• DATA SUPPLIED
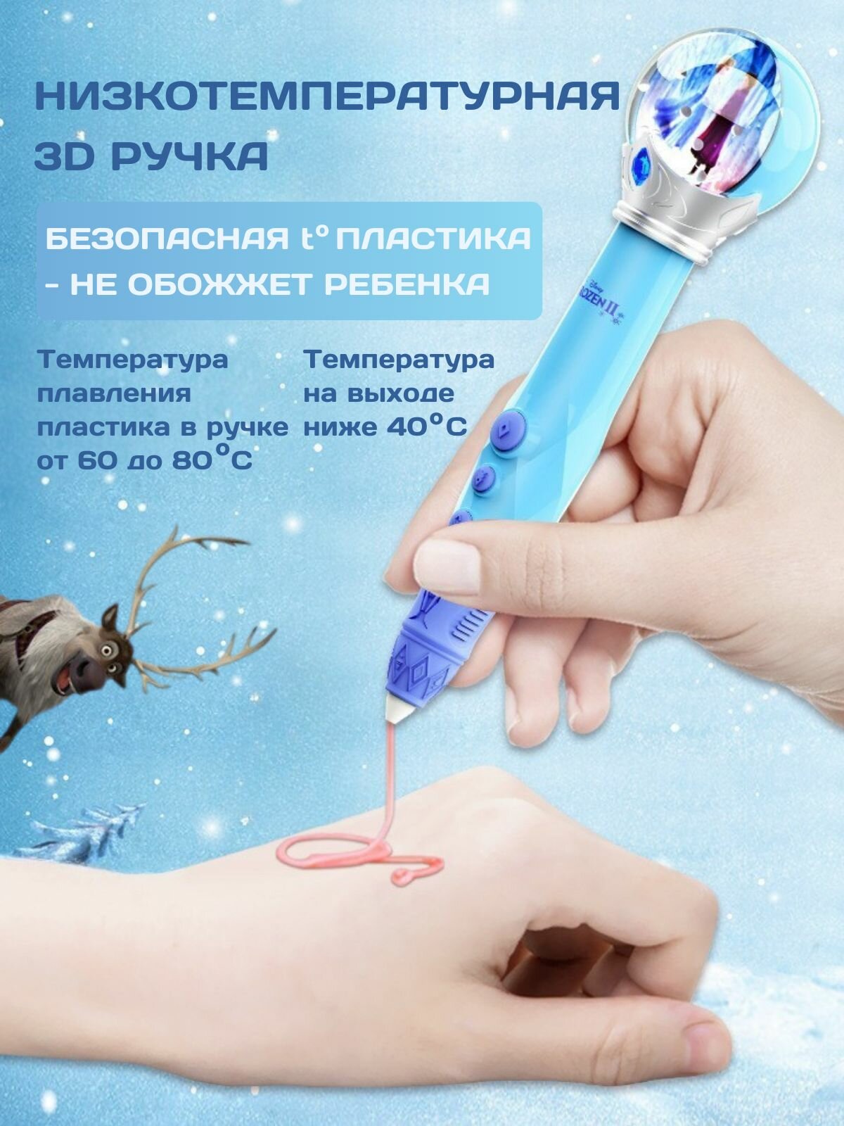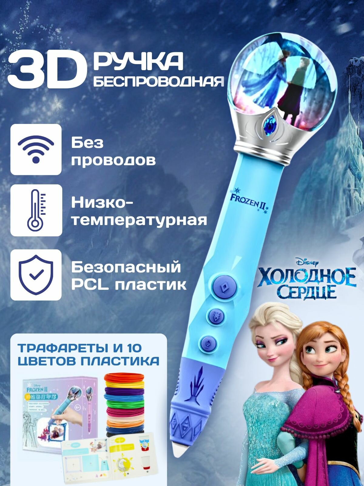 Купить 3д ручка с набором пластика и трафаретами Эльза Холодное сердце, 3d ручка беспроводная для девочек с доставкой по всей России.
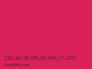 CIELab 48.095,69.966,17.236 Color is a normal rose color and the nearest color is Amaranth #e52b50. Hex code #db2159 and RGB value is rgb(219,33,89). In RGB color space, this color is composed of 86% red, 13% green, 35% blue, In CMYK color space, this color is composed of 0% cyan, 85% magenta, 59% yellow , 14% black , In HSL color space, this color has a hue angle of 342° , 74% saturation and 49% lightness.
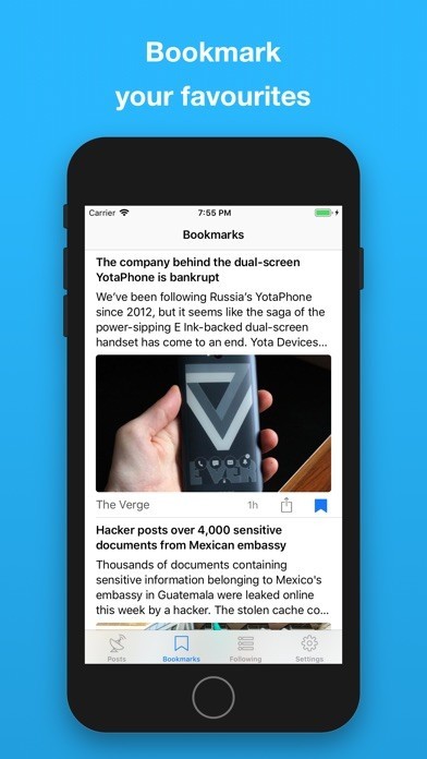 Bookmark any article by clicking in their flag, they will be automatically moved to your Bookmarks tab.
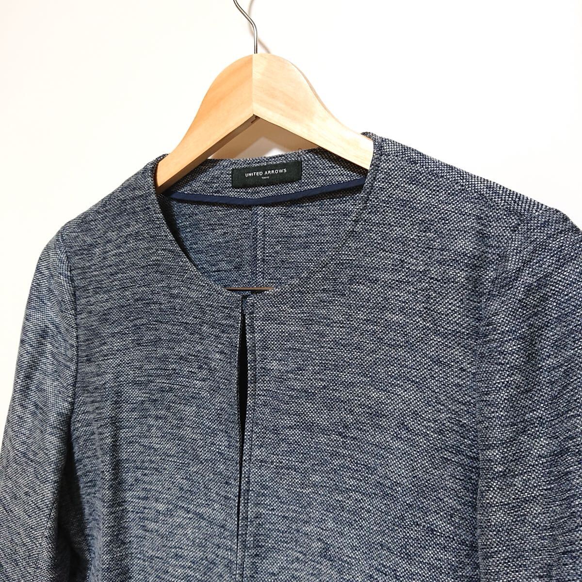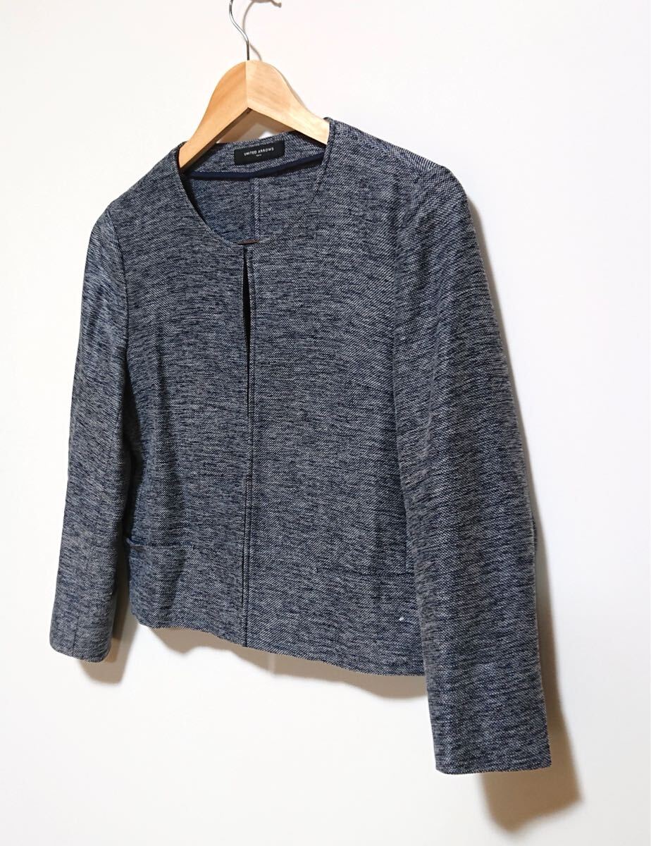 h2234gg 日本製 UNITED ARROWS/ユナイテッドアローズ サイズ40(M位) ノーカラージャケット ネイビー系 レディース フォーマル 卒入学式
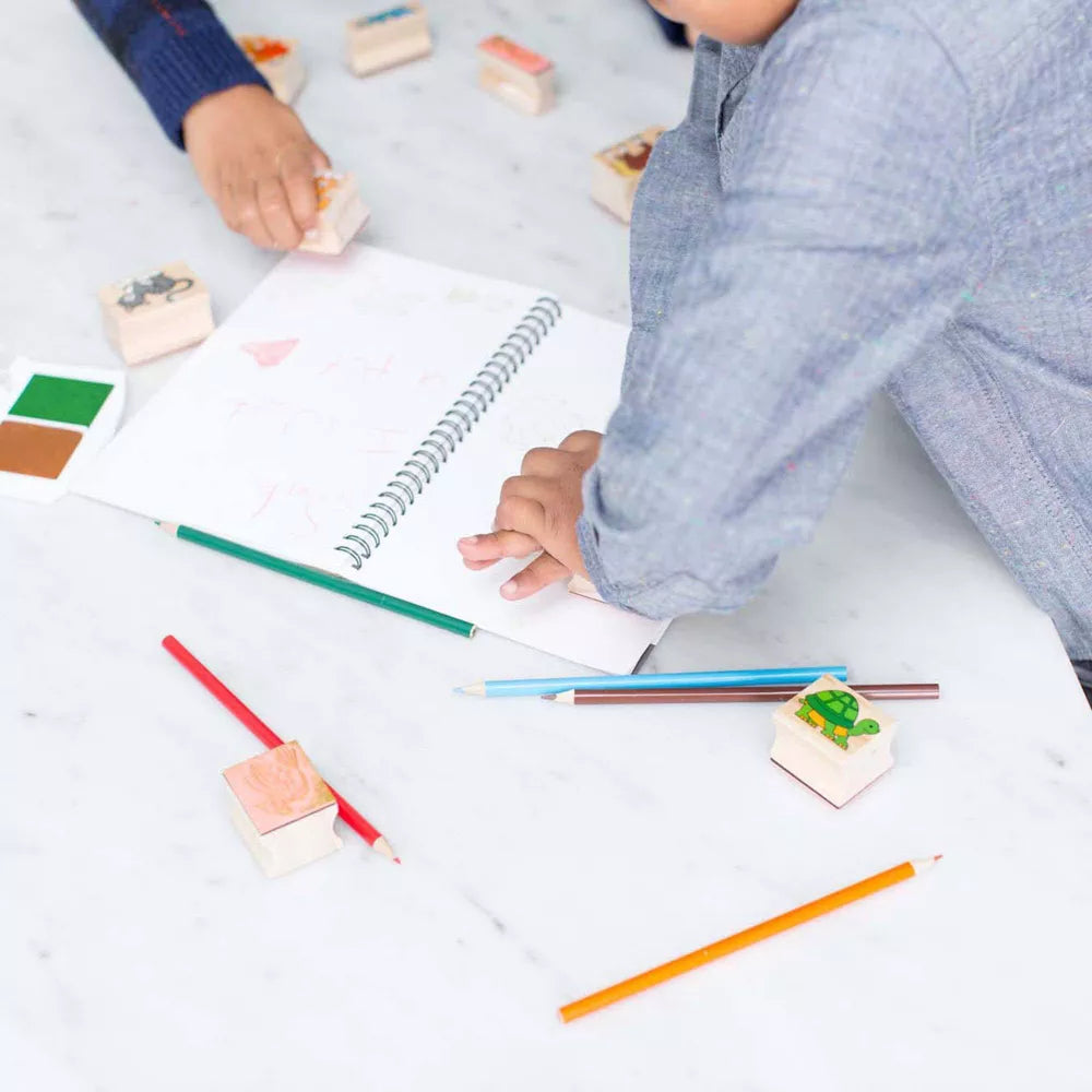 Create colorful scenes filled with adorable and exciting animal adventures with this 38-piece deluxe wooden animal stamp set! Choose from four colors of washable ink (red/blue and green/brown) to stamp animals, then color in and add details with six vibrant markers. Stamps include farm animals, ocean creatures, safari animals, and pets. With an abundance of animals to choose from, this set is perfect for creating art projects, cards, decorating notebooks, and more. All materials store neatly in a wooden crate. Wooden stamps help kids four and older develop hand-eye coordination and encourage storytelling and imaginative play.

• PROMPT
Restate exactly, please, only the lines between the start of the data and the line containing "Bookmark any article", both ends included, skipping the pictures.

• SOLUTION
 Купить 3д ручка с набором пластика и трафаретами Эльза Холодное сердце, 3d ручка беспроводная для девочек с доставкой по всей России.
 CIELab 48.095,69.966,17.236 Color is a normal rose color and the nearest color is Amaranth #e52b50. Hex code #db2159 and RGB value is rgb(219,33,89). In RGB color space, this color is composed of 86% red, 13% green, 35% blue, In CMYK color space, this color is composed of 0% cyan, 85% magenta, 59% yellow , 14% black , In HSL color space, this color has a hue angle of 342° , 74% saturation and 49% lightness.
 Bookmark any article by clicking in their flag, they will be automatically moved to your Bookmarks tab.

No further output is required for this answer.